Sunday, April 27, 2025

Apigee Extension Processor v1.0: CLB Policy Decision Point

Apigee Extension Processor v1.0

Apigee’s reach and flexibility are greatly increased by this potent new feature, which also makes it simpler than ever to manage and protect a larger variety of backend services and contemporary application architectures.

The Extension Processor’s smooth interface with Cloud Run enables developers adopting contemporary deployment patterns to apply Apigee policies to their scalable containerized apps.

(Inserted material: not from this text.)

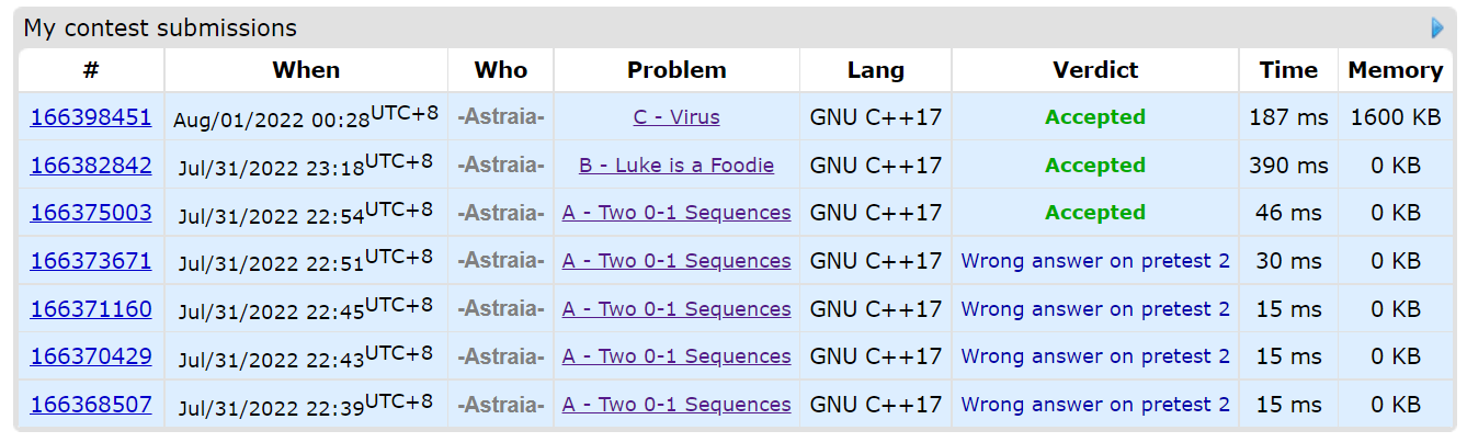 - $A$题一开始没找到规律,找到规律后居然没有把错思路的代码删掉,狠狠的吃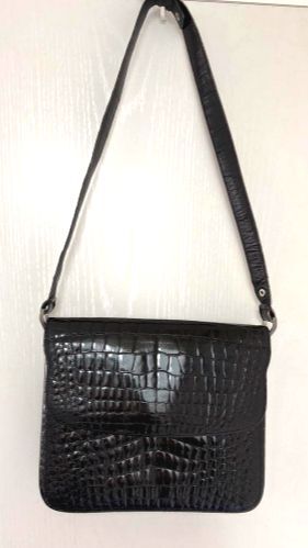 - GINO TROMBA クロコダイル ハンドバッグ 黒 縦19.5cm 横23cmマチ6cm ベルトの長さ78cm used \29800

Additionally, the Extension Processor opens up potent new channels of connection. With gRPC bidirectional streaming, you can now effortlessly handle complex real-time interactions, allowing for low-latency and highly engaging apps. Additionally, the Extension Processor offers a mechanism to control and safeguard Server-Sent Events (SSE) for event-driven architectures, enabling effective data streaming to clients.

However, the advantages go beyond communication protocols and application implementation. When used in conjunction with Google Token Injection policies, the Apigee Extension Processor significantly streamlines safe access to your Google Cloud infrastructure. With Apigee’s consistent security framework, you can easily connect to and manage access to robust data sources like Bigtable and use Vertex AI’s intelligence for your machine learning workloads.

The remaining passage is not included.